Se uso ‘vero’, se penso in termini di vero e falso, è perché voglio dire no a qualcosa o a qualcuno (tesi

di esclusione). È legittima questa mia pretesa? Molte ragioni ci dicono che non sempre lo è. La maggior

parte delle credenze che riteniamo vere sono incomplete (Veca 2018): sono mezze verità, il loro essere

ritenute vere dipende da convenzioni, linguaggi, consuetudini, e dalla nostra esperienza, che è spesso

deviata, parziale e frammentaria. Si può dire allora che parlare di verità significa dimenticare questa

semplice evidenza, simulando di possedere categoricità e completezza dove completezza non c’è. Gli

argomenti a vantaggio dell’idea di V come concetto dogmatico sono normalmente tre. 1. Poiché il vero

ha una radice nei fatti e i fatti in se stessi sono oggettivi e immodificabili (tesi d’indipendenza), dire ‘è

vero’ all’interno di una discussione è come «dare pugni sul tavolo», evocare a proprio vantaggio «la

forza delle cose» e dunque chiudere violentemente la discussione (v. A. Ross, citato da Barberis 2013, p.

63). 2. Poiché il vero supera i linguaggi e i limiti della conoscenza individuale, credere di possedere la

verità è come presumere di avere «lo sguardo di Dio» (Putnam 1981, p. 57). 3. La «trascendenza» del

vero è stata storicamente interpretata in termini religiosi.

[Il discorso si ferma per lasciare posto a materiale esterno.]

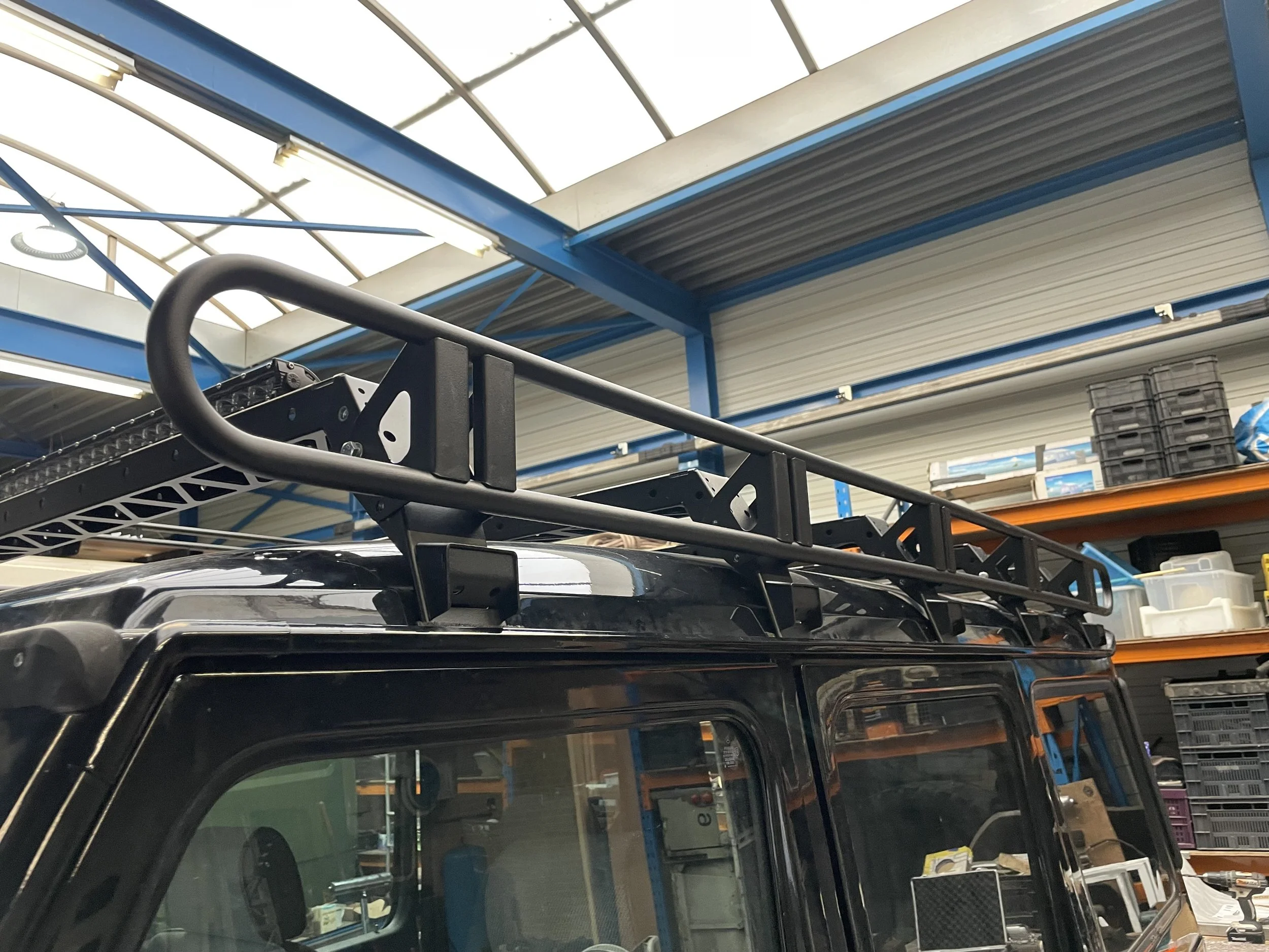 Het Mercedes G-Klasse dakrek met zijmontagemogelijkheid, voorzien van een Duplex-coating, biedt een uitzonderlijke combinatie van stijl en functionaliteit voor je avontuurlijke reizen. Dit robuuste dakrek is speciaal ontworpen voor de G-Klasse en biedt niet alleen extra bagageruimte, maar ook de mogelijkheid om zijmontageaccessoires, zoals off-road verlichting of brandstofcontainers, toe te voegen. De Duplex-coating zorgt voor duurzaamheid en bescherming tegen de elementen, terwijl het tijdloze ontwerp naadloos aansluit bij de esthetiek van je Mercedes G-Klasse. Met dit dakrek ben je klaar voor elke off-road expeditie met stijl en functionaliteit.

La Chiesa cristiana è sorta appunto

appropriandosi del linguaggio filosofico greco, e lanciando così l’identificazione di Dio e verità (v.

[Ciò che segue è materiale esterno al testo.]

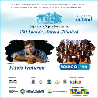 O Theatro Municipal do Rio de Janeiro receberá no dia 30 de agosto, a partir das 19h, a Orquestra de Sopros Nova Aurora - OSNA para o quarto concerto do projeto “150 anos de Aurora Musical”. A apresentação terá como convidado especial o cantor e compositor Flávio Venturini.

D’Agostini 2002, pp. 43-56).

È facile dunque cadere nella trappola, e usare il concetto in modo dogmatico. Eppure, in questo

modo non ci si mantiene fedeli allo scopo e alla funzione per cui la parola ‘verità’ è stata creata, e

soprattutto si viola la verità «di secondo ordine». È vero ciò che riteniamo (o diciamo essere) tale?

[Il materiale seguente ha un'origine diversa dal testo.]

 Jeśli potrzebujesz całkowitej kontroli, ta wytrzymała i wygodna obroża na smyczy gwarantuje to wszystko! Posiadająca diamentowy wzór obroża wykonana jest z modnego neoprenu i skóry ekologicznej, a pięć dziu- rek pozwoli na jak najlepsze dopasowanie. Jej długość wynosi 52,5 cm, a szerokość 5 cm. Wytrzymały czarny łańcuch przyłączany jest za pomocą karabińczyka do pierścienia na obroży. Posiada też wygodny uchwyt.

Questa domanda non viene posta, nei tre casi citati. 1. Dare pugni sul tavolo invece di giustificare e

argomentare significa rinunciare a chiedersi se quel che si asserisce come vero lo sia realmente; 2.

presumere di avere lo sguardo di Dio significa sostituirsi alla realtà nella sua capacità di rendere vero

quel che diciamo; 3. le verità trasmesse dalla religione sono verità narrate, in quanto tali possono avere

sparsi contenuti veri, ma non possono ambire allo status di ‘vere’ verità.
La verità a testa in giù – Ritornando allora alle nuove avventure del concetto di verità, si può capire il

rapporto con il (problema del) vero e del falso che potrebbe nascere – forse sta nascendo – con il

progressivo democratizzarsi della conoscenza e della vita personale e sociale. Nel lungo tempo dell’età

tardo-antica, poi del medioevo, quindi nell’età moderna e tardo-moderna, il concetto V, lanciato

all’epoca della democrazia greca, ha finito per significare l’opposto di quel che significa, ed è stato usato

per scopi opposti a quelli per cui è stato creato. L’antica aletheia ha cessato di essere la forza critica e

scettica del pensiero individuale, ed è diventata requisito esclusivo di un potere proveniente ‘dall’alto’:

dalle oligarchie religiose, politiche, scientifiche.

Ma precisamente nel Novecento l’avanzare della democratizzazione ha mutato profondamente le

condizioni di produzione e diffusione della conoscenza (più precisamente del sapere e di quel che si

crede di sapere), e se vale la diagnosi suggerita, possiamo dire che la gestione anti-democratica del vero

è ora profondamente in crisi, le antiche autorità aletiche stanno perdendo la loro voce. Da questo punto

di vista la verità (il concetto) era per così dire ‘a testa in giù’, e ora sta tornando alle sue radici scettiche,

e al suo luogo naturale: il lavoro del pensiero individuale. Certo, il «vero democratizzato» non è la fine

della verità dogmatica, è piuttosto la sua «esplosione» («la postverità non nega la verità. La moltiplica e

la privatizza», Lorusso 2018). È questa condizione che caratterizza le nuove avventure della verità. Una

condizione indubbiamente complessa. Per i filosofi tradizionali la paideia filosofica, l’educazione al vero,

dovrebbe correggere le tendenze umane all’errore, all’indifferenza epistemica, al dogmatismo,

all’inganno e all’auto-inganno. Una promessa difficile ma forse non impossibile da mantenere.